About this task
Among the entries below, find the line with "Modern Sleeveless Tulle" and the line with "画像の浴衣、帯、下駄、巾着、". Return exactly those lines and every line between them, but no pictures.
____
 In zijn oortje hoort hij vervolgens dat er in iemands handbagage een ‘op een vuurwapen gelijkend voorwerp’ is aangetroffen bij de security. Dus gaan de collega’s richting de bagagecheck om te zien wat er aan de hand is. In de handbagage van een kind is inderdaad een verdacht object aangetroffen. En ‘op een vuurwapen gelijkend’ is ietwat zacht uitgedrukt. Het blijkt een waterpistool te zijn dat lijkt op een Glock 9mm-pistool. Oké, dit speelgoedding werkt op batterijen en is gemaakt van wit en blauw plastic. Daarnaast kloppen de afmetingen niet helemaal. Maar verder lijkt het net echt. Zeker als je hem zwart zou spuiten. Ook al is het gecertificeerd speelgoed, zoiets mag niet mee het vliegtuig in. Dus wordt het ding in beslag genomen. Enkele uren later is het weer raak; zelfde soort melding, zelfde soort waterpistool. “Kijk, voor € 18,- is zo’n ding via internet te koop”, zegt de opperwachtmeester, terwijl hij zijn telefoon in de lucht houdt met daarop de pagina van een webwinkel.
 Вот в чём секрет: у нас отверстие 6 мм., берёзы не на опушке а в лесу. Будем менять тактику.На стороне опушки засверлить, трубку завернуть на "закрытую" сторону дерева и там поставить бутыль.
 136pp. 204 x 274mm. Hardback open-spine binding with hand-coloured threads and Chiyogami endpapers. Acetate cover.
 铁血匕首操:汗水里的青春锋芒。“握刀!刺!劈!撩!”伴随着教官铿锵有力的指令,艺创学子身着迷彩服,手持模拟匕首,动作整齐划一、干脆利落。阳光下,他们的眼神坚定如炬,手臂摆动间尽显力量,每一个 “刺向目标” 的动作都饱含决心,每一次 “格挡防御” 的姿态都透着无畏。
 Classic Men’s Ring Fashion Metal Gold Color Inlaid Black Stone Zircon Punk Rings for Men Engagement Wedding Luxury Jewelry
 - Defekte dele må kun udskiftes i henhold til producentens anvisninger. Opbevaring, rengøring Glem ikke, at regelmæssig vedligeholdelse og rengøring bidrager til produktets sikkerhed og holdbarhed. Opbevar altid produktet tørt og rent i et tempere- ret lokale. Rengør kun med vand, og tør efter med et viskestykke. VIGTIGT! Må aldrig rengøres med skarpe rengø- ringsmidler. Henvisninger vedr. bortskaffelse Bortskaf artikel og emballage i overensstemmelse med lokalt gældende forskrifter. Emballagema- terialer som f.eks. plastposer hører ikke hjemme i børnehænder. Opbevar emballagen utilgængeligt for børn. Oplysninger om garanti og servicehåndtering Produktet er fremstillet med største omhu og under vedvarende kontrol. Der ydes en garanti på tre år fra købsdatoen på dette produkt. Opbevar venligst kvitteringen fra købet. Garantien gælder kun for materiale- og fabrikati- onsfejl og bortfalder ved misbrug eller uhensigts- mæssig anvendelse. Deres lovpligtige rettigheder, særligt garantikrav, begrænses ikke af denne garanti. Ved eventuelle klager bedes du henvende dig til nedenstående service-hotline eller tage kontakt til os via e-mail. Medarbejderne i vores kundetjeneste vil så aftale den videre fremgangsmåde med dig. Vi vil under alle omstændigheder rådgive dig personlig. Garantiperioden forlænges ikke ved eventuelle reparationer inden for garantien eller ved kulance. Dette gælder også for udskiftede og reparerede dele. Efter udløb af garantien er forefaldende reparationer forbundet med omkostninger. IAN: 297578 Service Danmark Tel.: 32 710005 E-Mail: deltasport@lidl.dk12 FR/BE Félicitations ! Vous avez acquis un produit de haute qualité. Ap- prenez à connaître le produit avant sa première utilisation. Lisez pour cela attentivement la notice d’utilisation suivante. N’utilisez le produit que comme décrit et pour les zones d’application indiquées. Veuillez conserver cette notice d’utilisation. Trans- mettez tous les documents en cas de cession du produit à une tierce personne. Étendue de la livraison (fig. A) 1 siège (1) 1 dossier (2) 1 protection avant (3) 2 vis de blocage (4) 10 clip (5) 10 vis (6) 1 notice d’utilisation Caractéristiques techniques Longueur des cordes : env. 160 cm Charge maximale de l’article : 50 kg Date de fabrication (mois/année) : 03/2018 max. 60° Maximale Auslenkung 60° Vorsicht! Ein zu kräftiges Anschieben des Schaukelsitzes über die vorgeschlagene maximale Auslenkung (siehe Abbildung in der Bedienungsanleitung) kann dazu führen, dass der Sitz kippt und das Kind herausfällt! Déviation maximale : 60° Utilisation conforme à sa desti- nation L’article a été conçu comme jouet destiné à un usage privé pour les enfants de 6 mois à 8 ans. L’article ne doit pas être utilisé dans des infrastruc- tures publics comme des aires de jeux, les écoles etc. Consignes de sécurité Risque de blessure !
____
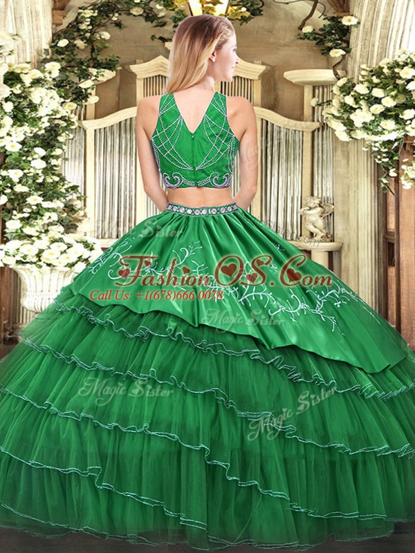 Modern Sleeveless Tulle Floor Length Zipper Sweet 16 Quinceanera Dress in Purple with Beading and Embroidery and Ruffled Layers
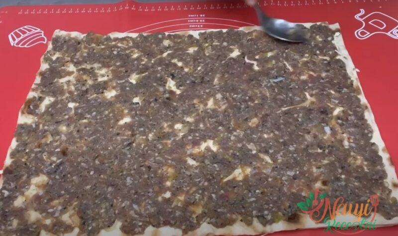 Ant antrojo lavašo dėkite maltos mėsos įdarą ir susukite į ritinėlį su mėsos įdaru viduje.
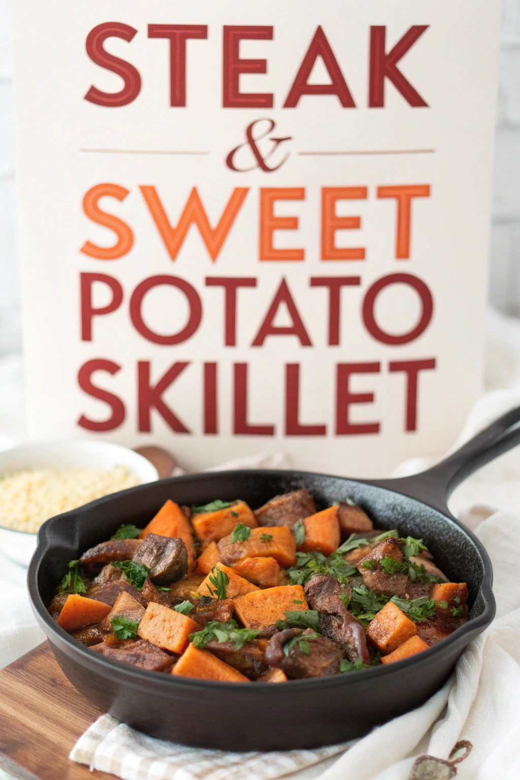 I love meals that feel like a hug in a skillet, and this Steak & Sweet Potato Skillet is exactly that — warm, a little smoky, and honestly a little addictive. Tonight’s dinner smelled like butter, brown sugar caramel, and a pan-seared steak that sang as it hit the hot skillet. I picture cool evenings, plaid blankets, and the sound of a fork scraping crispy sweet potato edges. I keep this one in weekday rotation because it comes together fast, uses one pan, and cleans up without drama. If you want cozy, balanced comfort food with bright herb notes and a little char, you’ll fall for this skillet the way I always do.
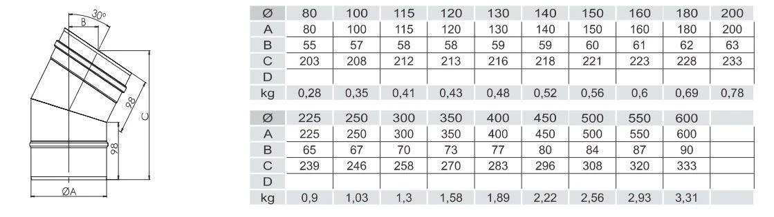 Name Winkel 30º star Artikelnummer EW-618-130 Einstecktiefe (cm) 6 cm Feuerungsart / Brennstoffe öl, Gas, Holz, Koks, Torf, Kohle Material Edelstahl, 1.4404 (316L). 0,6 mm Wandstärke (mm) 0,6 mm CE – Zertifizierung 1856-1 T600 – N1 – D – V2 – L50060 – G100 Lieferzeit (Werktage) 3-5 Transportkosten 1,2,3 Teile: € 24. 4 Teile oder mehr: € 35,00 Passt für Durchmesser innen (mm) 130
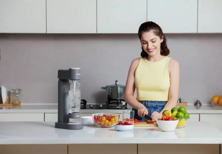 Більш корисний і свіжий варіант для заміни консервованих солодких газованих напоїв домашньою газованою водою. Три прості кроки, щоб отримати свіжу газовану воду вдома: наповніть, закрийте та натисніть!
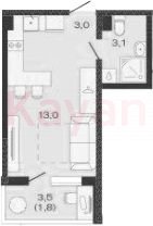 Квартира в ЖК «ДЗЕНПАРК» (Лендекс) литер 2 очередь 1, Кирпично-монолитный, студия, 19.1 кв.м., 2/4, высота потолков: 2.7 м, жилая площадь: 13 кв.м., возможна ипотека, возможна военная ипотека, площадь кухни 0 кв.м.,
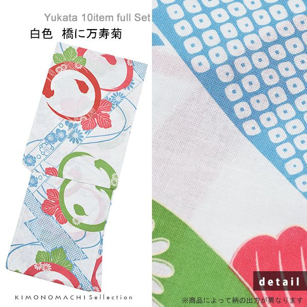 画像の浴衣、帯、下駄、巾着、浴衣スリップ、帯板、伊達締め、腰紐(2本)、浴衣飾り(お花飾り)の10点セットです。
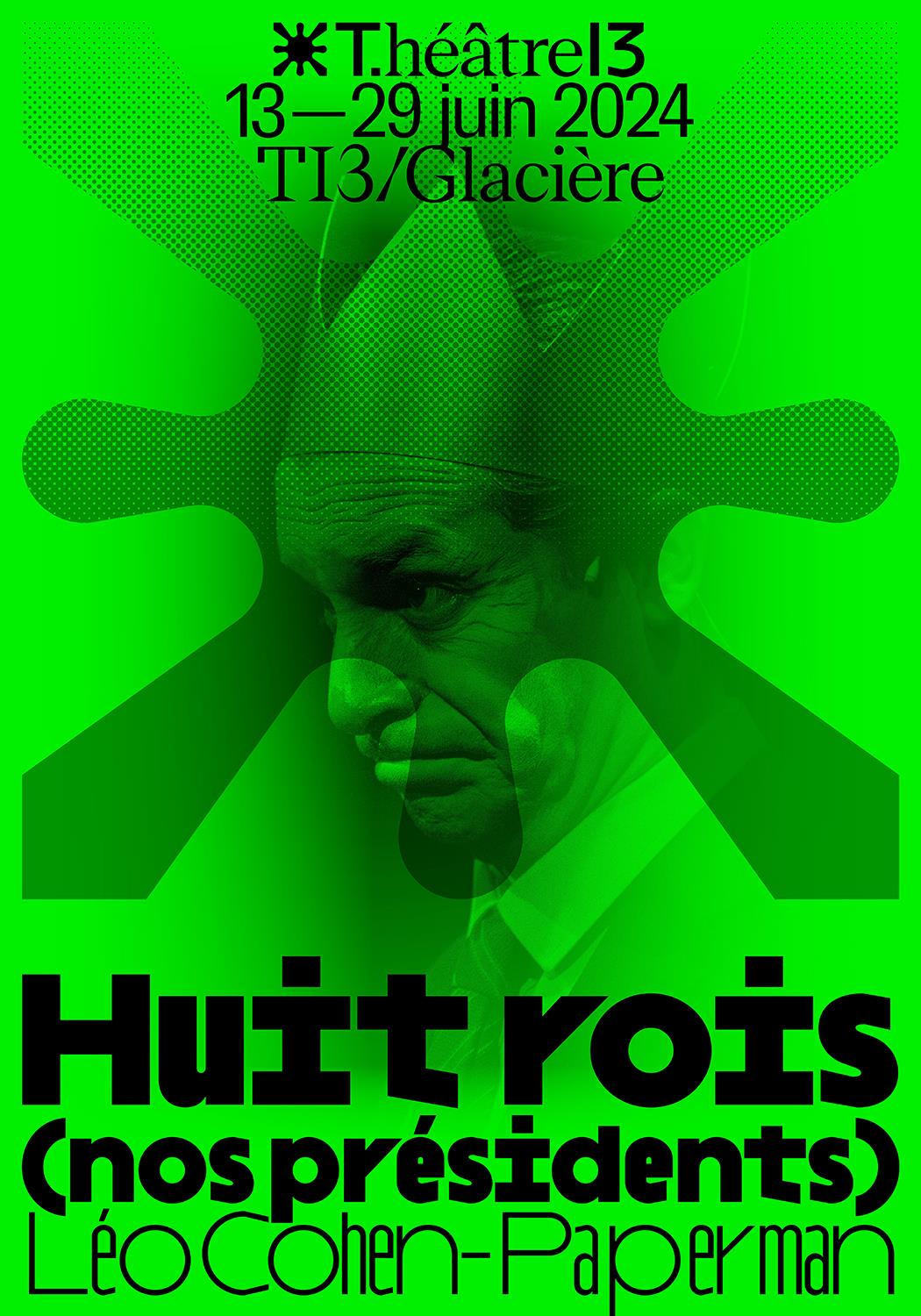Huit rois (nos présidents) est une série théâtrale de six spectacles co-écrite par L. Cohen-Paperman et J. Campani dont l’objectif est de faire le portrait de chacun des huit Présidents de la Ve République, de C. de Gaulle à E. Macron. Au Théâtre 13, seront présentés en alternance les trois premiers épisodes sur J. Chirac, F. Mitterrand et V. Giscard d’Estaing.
____
Output
 Modern Sleeveless Tulle Floor Length Zipper Sweet 16 Quinceanera Dress in Purple with Beading and Embroidery and Ruffled Layers
 Ant antrojo lavašo dėkite maltos mėsos įdarą ir susukite į ritinėlį su mėsos įdaru viduje.
 I love meals that feel like a hug in a skillet, and this Steak & Sweet Potato Skillet is exactly that — warm, a little smoky, and honestly a little addictive. Tonight’s dinner smelled like butter, brown sugar caramel, and a pan-seared steak that sang as it hit the hot skillet. I picture cool evenings, plaid blankets, and the sound of a fork scraping crispy sweet potato edges. I keep this one in weekday rotation because it comes together fast, uses one pan, and cleans up without drama. If you want cozy, balanced comfort food with bright herb notes and a little char, you’ll fall for this skillet the way I always do.
 Name Winkel 30º star Artikelnummer EW-618-130 Einstecktiefe (cm) 6 cm Feuerungsart / Brennstoffe öl, Gas, Holz, Koks, Torf, Kohle Material Edelstahl, 1.4404 (316L). 0,6 mm Wandstärke (mm) 0,6 mm CE – Zertifizierung 1856-1 T600 – N1 – D – V2 – L50060 – G100 Lieferzeit (Werktage) 3-5 Transportkosten 1,2,3 Teile: € 24. 4 Teile oder mehr: € 35,00 Passt für Durchmesser innen (mm) 130
 Більш корисний і свіжий варіант для заміни консервованих солодких газованих напоїв домашньою газованою водою. Три прості кроки, щоб отримати свіжу газовану воду вдома: наповніть, закрийте та натисніть!
 Квартира в ЖК «ДЗЕНПАРК» (Лендекс) литер 2 очередь 1, Кирпично-монолитный, студия, 19.1 кв.м., 2/4, высота потолков: 2.7 м, жилая площадь: 13 кв.м., возможна ипотека, возможна военная ипотека, площадь кухни 0 кв.м.,
 画像の浴衣、帯、下駄、巾着、浴衣スリップ、帯板、伊達締め、腰紐(2本)、浴衣飾り(お花飾り)の10点セットです。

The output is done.